WORK INSTRUCTIONS: Reproduce from the records below, with no pictures, exactly the lines between the one containing "یکی از طاقهای مقبره" and the one containing "Porte ouverte professionnelle", inclusive.

MATERIAL FOR THIS EXERCISE:

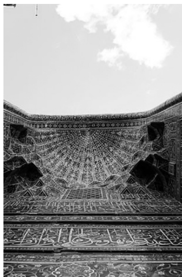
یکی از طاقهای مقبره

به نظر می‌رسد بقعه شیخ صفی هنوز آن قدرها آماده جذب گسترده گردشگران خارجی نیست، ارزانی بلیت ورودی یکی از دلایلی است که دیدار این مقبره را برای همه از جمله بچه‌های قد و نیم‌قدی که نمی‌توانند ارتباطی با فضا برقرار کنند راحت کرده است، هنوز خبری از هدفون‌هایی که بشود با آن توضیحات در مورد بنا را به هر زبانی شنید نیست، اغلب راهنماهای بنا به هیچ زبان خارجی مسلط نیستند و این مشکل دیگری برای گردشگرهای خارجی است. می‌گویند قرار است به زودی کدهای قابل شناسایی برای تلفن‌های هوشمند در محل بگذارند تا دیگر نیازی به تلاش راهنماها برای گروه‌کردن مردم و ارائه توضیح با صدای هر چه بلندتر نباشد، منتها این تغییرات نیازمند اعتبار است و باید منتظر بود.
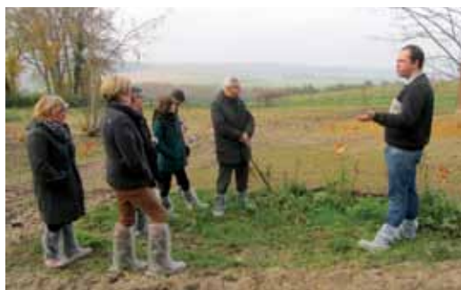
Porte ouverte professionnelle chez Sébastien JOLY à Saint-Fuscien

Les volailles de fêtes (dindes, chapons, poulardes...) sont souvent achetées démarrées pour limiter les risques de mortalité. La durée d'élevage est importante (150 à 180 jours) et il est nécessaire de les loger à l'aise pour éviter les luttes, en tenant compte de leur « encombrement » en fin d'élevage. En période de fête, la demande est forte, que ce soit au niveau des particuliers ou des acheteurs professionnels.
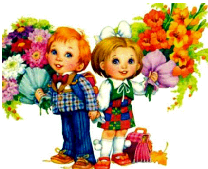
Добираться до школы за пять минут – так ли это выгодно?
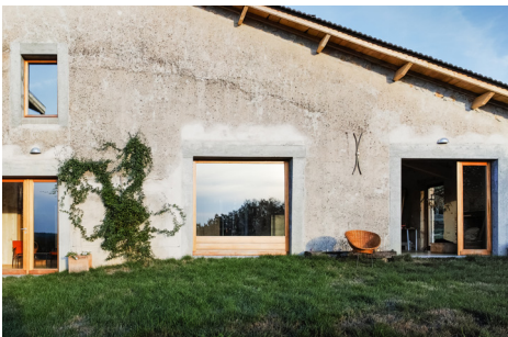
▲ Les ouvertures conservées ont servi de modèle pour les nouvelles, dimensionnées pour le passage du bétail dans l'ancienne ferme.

---

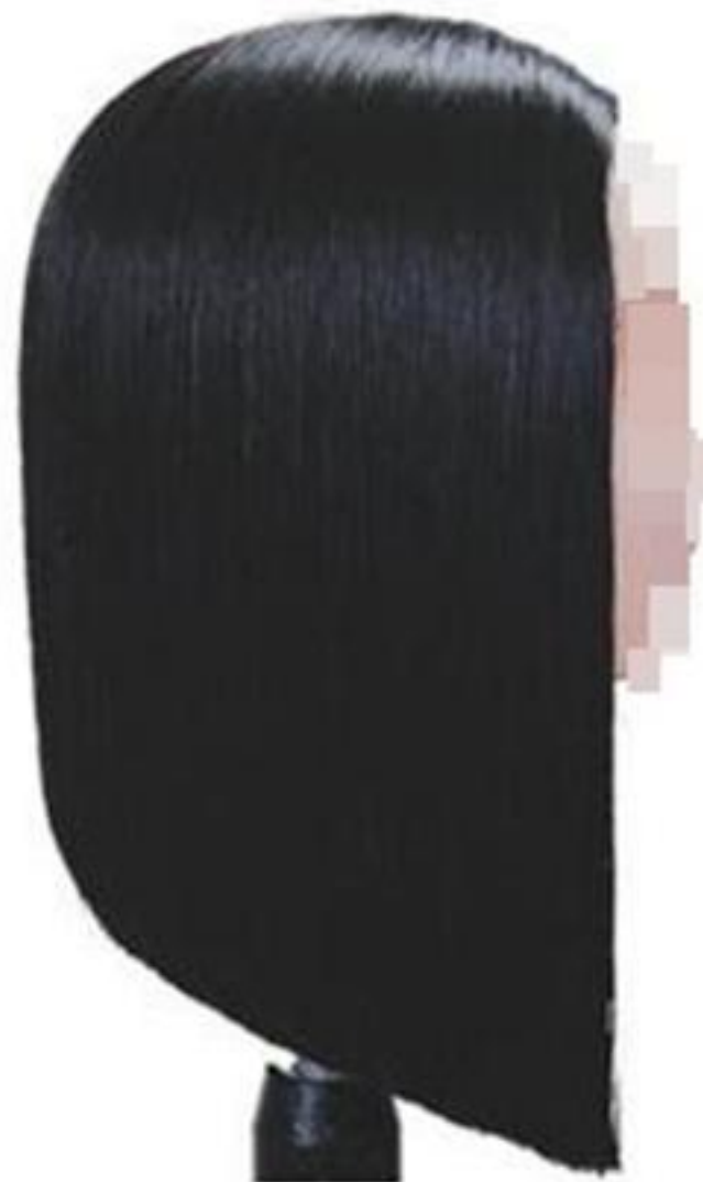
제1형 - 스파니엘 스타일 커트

COMPLETED EXERCISE:
یکی از طاقهای مقبره

به نظر می‌رسد بقعه شیخ صفی هنوز آن قدرها آماده جذب گسترده گردشگران خارجی نیست، ارزانی بلیت ورودی یکی از دلایلی است که دیدار این مقبره را برای همه از جمله بچه‌های قد و نیم‌قدی که نمی‌توانند ارتباطی با فضا برقرار کنند راحت کرده است، هنوز خبری از هدفون‌هایی که بشود با آن توضیحات در مورد بنا را به هر زبانی شنید نیست، اغلب راهنماهای بنا به هیچ زبان خارجی مسلط نیستند و این مشکل دیگری برای گردشگرهای خارجی است. می‌گویند قرار است به زودی کدهای قابل شناسایی برای تلفن‌های هوشمند در محل بگذارند تا دیگر نیازی به تلاش راهنماها برای گروه‌کردن مردم و ارائه توضیح با صدای هر چه بلندتر نباشد، منتها این تغییرات نیازمند اعتبار است و باید منتظر بود.
Porte ouverte professionnelle chez Sébastien JOLY à Saint-Fuscien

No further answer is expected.